UN HÉRITAGE EN PARTAGE
PAR ROMAIN GROSMAN
Le 28 septembre dernier, le saxophoniste portoricain et le pianiste vénézuélien enregistraient en live à la Jazz Gallery de New York, sans public, en une seule prise, ce magnifique recueil de boléros en duo, prolongeant un passionnant travail sur le répertoire latino américain.
« Lorsque nous jouons ces chansons, nous pouvons en entendre les paroles dans un coin de nos têtes, ce qui crée un lien très profond, difficile à reproduire dans une autre situation. C’est vraiment au-delà du familier. Ces chansons font partie de nous. » Une tradition, un héritage en partage : les deux complices – réunis en de multiples occasions par le passé (Perdomo est l’un des piliers du quartet de Zenón), notamment sur le superbe Alma Adentro (en 2011), poursuivent une collaboration fertile étroitement liée à leur patrimoine et à une culture commune.

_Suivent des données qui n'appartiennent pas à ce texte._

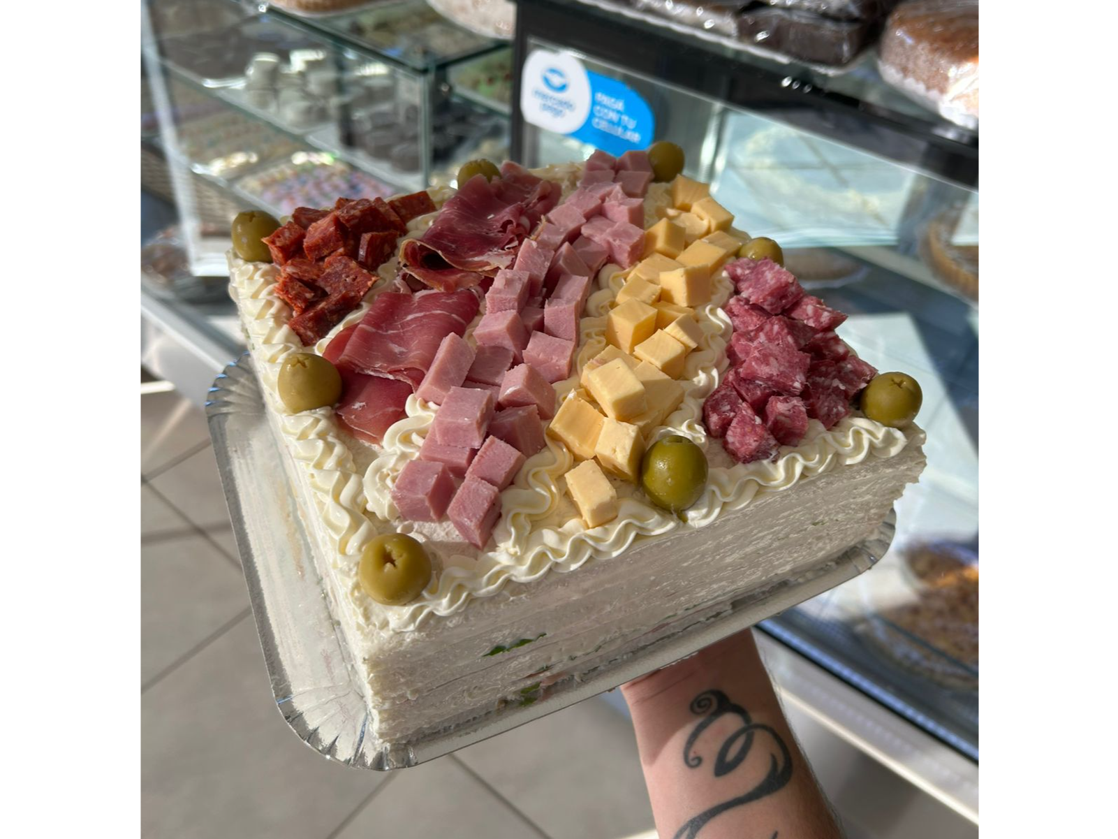 Torta de miga Surtida 3 sabores Compartir por WhatsApp Copiar enlace 24 hs DE ANTICIPACIÓN. Con picada arriba. Elegir 3 sabores.$34.000 Personalizá tu selección Las siguientes opciones aplican para cada producto agregado. Sabores para tortas de migas surtidas. Seleccioná las opciones que quieras.Bondiola primaveraBondiola y quesoCrudo y quesoCrudo y ananáCrudo, roquefort y nuezCrudo, roquefortCrudo, rucula y queso parmesanoPollo, morron y huevoPollo, Zanahoria y huevoPrimavera con polloPrimavera con jamónVege: Queso, rucula y tomateSalame y quesoTomate, huevo y quesoZanahoria, huevo y quesoJamon y quesoJamon y queso. Pan de salvadoJamon, queso y ananaMorron, huevo y queso Observaciones 0 / 150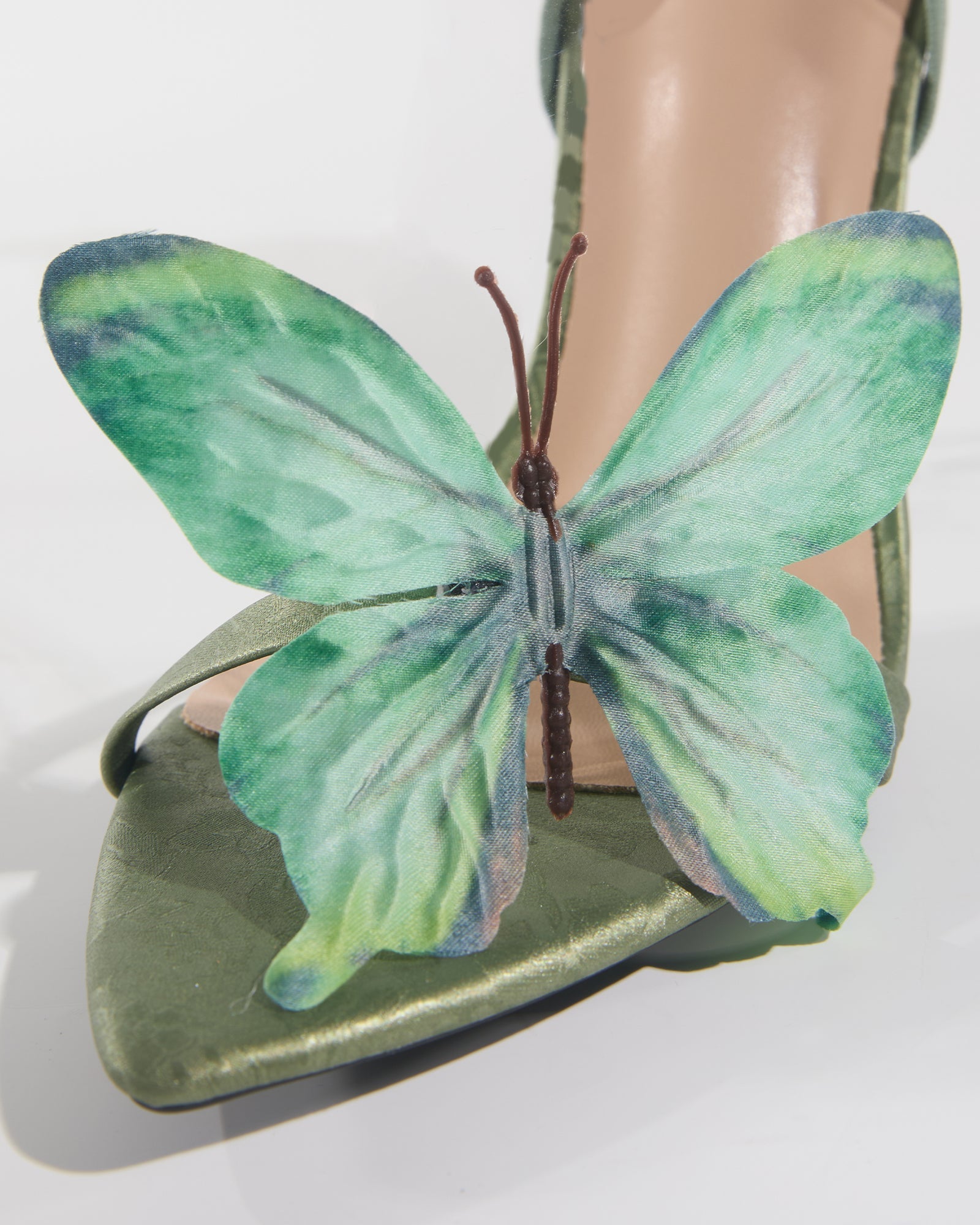 Step into enchanting style with our Io Butterfly Slingback Sandals in Green. These eye-catching sandals feature delicate butterfly details that transform ordinary steps into graceful movements. The comfortable slingback design ensures all-day wearability while the vibrant green hue adds a refreshing pop of color to any outfit. Perfect for making a statement whether paired with summer dresses or casual denim.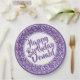 This over-the-hill design has a purple and white random number pattern with a white milestone number 65 repeated in varied sizes and angles. There is a white circle in the centre for your text and purple and white rings around the rim.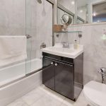 | Brick, solar-roofed, Mid-Century co-op perches high above NYC Harbor near the free ferry to Manhattan (<15 min walk, 5 min bus). Double-exposure unit on 1st floor (above ground floor lobby) features full view of passing ships with half-year of Manhattan skyline/half-year verdancy. Apt. WOW’s: Large living room with built-in bookshelves, stainless eat-in kitchen with 3 sides of handsome cabinetry, entry large enough for a dining area, double-king bedroom, stunning full bath, 8′ ceilings with crown molding & burnished wood floors. The equivalent of 11 closets includes a wondrous Walk-In with integrated organization compartments. WHO COULD ASK MORE? But there is! The board just OK’d RIGHT TO RENT after 3 years’ residency! Building features: library; party, bike, mail & secure-package rooms; 2 laundries, vast storage; 2 elevators & 4 staircases; handicap-accessible via side driveway. Wait-list for parking or ample surrounding street parking (no alternate side). Location near waterfront promenade & parks, gourmet dining, outlet shopping, baseball stadium, Borough Hall, County Court & Precinct; NYC Public Library, St. George Theater, P.S. 59 The Harbor School & Curtis High School. An easy boat ride away from Manhattan, yet a waterfront world apart. |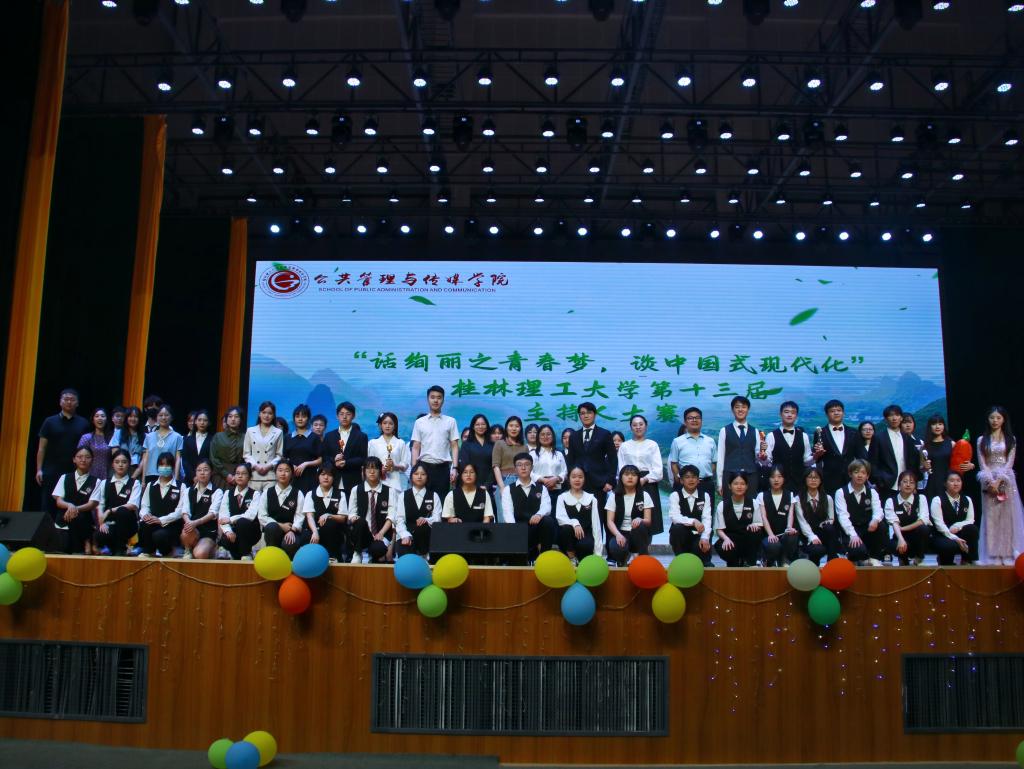 2023年5月19日晚,以“话绚丽之青春梦,谈中国式现代化”为主题的beats365亚洲版第十三届主持人大赛在雁山校区新体育馆圆满落幕。beats365亚洲版副书记莫媛、公共管理与传媒学院党委副书记杨晓、桂林电视台主持人葛辉、桂林晚报资深媒体记者韦彦青,校党委宣传部、学生工作部(处)、beats365亚洲版相关负责人以及各学院辅导员应邀出席。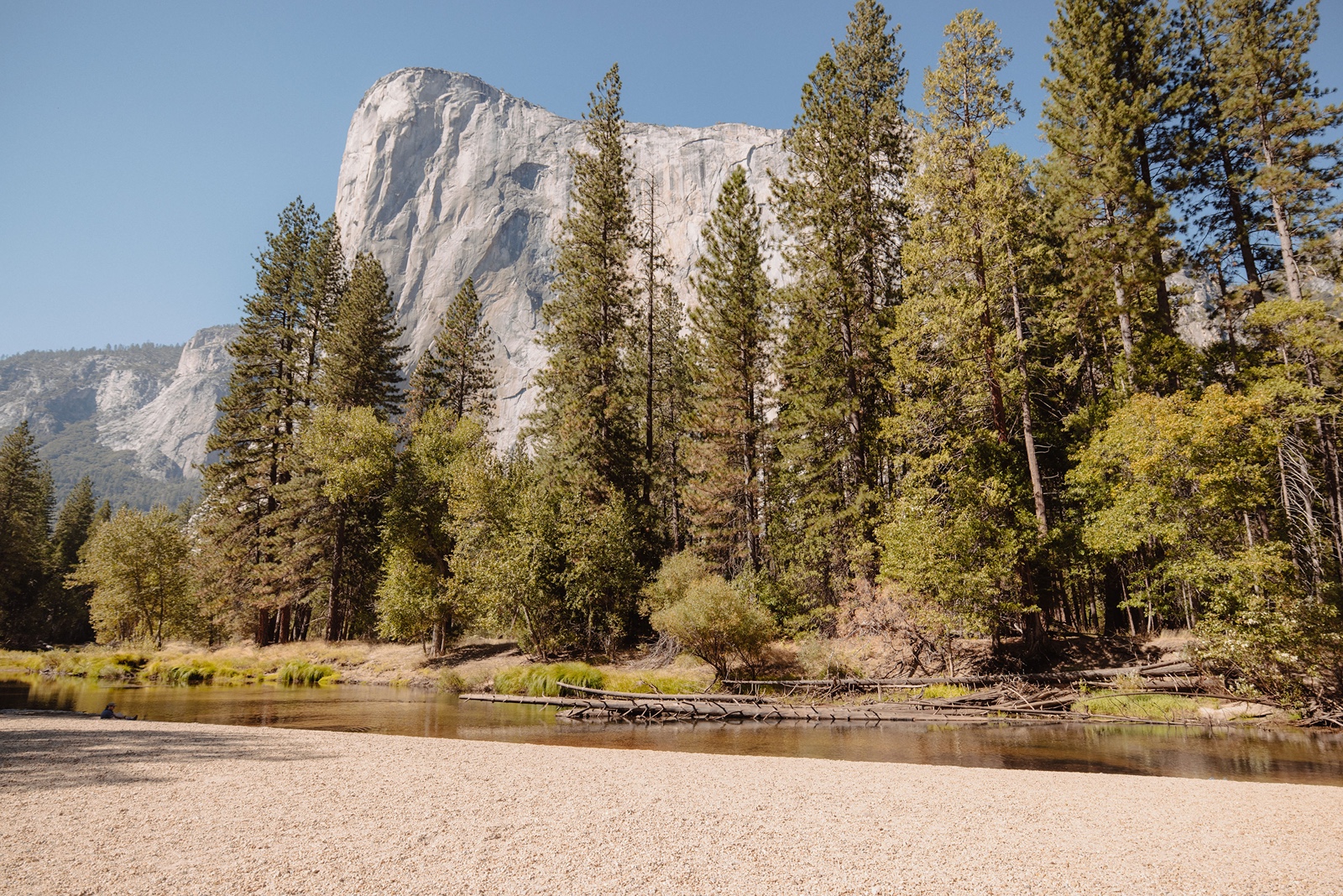 The Merced River runs alongside the beach and creates a calm and romantic setting. It feels a little removed from the busier parts of the valley.

Un son et un jeu d’une grande expressivité : Miguel Zenón est l’un des plus beaux saxophonistes en activité. « En tant qu’instrumentiste, j’essaye de faire du saxophone le prisme de ma créativité. Je pense souvent à mes chanteurs favoris – Ismael Rivera, Feliciano et Andy Montanez -, dont la personnalité et la singularité se manifestaient à travers un art de l’interprétation unique. » Comme ses modèles et devanciers, le musicien s’empare de ces standards, mélodies familières au-delà de l’Amérique du Sud, mais qui renvoient Zenón et Perdomo au souvenir de leurs parents et grands-parents, et qui, au même titre que Charlie Parker et Thelonious Monk, fondent leur lien à la musique et au jazz, pour en offrir une relecture sans afféterie, d’une traite, fidèle à l’empreinte que laissent en chacun de nous les airs de notre enfance.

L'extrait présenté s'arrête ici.